The Pararaton, also known as the Book of Kings or Pustaka Raja, is a Javanese chronicle in the Kawi language. The comparatively short text of 32 folio-size pages contains the history of the kings of Singhasari and Majapahit in eastern Java.
Pararaton opens with a formal incarnation of the founder of Singhasari kingdom, Ken Arok. Almost half of the manuscript is the story of Ken Arok's career before his accession to the throne in 1222. This part is clearly mythical in character. There then follow a number of shorter narrative fragments in chronological order. Many of the events recorded here are dated. Towards the end the pieces of history become shorter and shorter and are mixed with genealogical information concerning the members of the royal family of Majapahit.
The edition of the text published by J.L.A. Brandes furnishes an alternative title: Serat Pararaton atawa Katuturanira Ken Angrok, the final part of the text must have been written between 1481 and 1600 CE.

Prelude

Pararaton commences with a brief prelude telling how Ken Arok incarnated himself in which he became the king. He offered himself as a human sacrifice to Yamadipati, the Javanese Door God, in order to save himself from death. As a reward, he was promised that upon his death he would return to Vishnu's heaven and be reborn as a superior king of Singhasari.
The promise was fulfilled. Ken Arok was begotten by Brahma of a newly-wed peasant woman. On his birth, his mother laid him in a graveyard where his body, effulgent with light, attracted the attention of Ki Lembong, a passing thief. Ki Lembong adopted him, raised him and taught him all of his arts. Ken Arok indulged in gambling, plunder and rapine. In the manuscript, it is written as such that Ken Arok was saved many times by divine intervention. There is a scene in Mount Kryar Lejar wherein gods descend in conference and Batara Guru declares Ken Arok his son. Ken Arok is also destined to bring stability and power to Java.
The prelude of Pararaton is followed by the meeting of Ken Arok with Lohgawe, a Brahmin who came from India to make sure Batara Guru's instructions were fulfilled. It was Lohgawe who asked Ken Arok to meet Tunggul Ametung, ruler of Tumapel. Ken Arok then killed Tunggul Ametung to gain possession of Ametung's wife, Ken Dedes, and also the throne to Singashari.

Analysis of the manuscript

Some parts of Pararaton cannot be accounted as historical facts.
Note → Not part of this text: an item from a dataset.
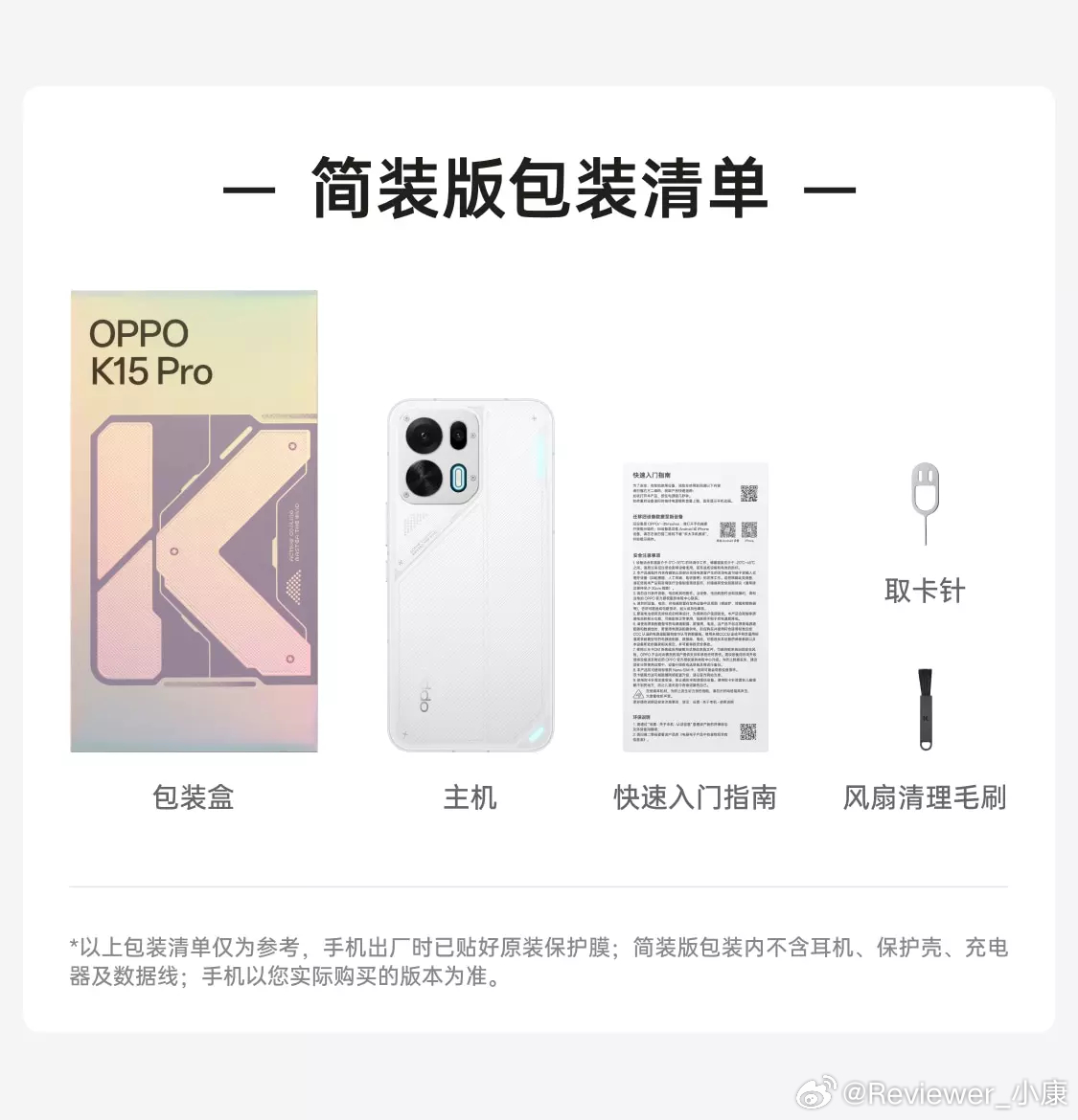 值得注意,OPPO K15 Pro有两个版本,标配版和简装版。简装版少了保护壳、

Especially in the prelude, fact and fiction, fantasy and reality go together. Scholars such as C. C. Berg argued that texts such as these are entirely supernatural and ahistorical, and intended not to record the past, but instead determine future events. However, the majority of scholars accept some historicity in the Pararaton, noting numerous correspondences with other inscriptions and Chinese sources, and accept the manuscript's frame of reference within which a valid interpretation is conceivable.
The manuscript was written under the nature of Javanese kingship. For Javanese, it is the function of the ruler to link the present with the past and the future and to give human life its appropriate place in the cosmic order. The king, in the Javanese realm, is the sacral embodiment of the total state, just as his palace is a microcosmic copy of the macrocosmos. The king possesses an innate divinity to a far higher degree than ordinary men.
Ras compared the Pararaton with the Sanskrit Canggal inscription, the Śivagŗha inscription, the Calcutta Stone and the Babad Tanah Jawi. These show clear similarities in character, structure and function and also similarity with texts from the Malay historiography.
It describes a violent volcanic eruption in 416 AD in the Sunda Strait area, though the known eruption nearest this date was that of Krakatoa in 536: see 416 AD eruption of Krakatoa.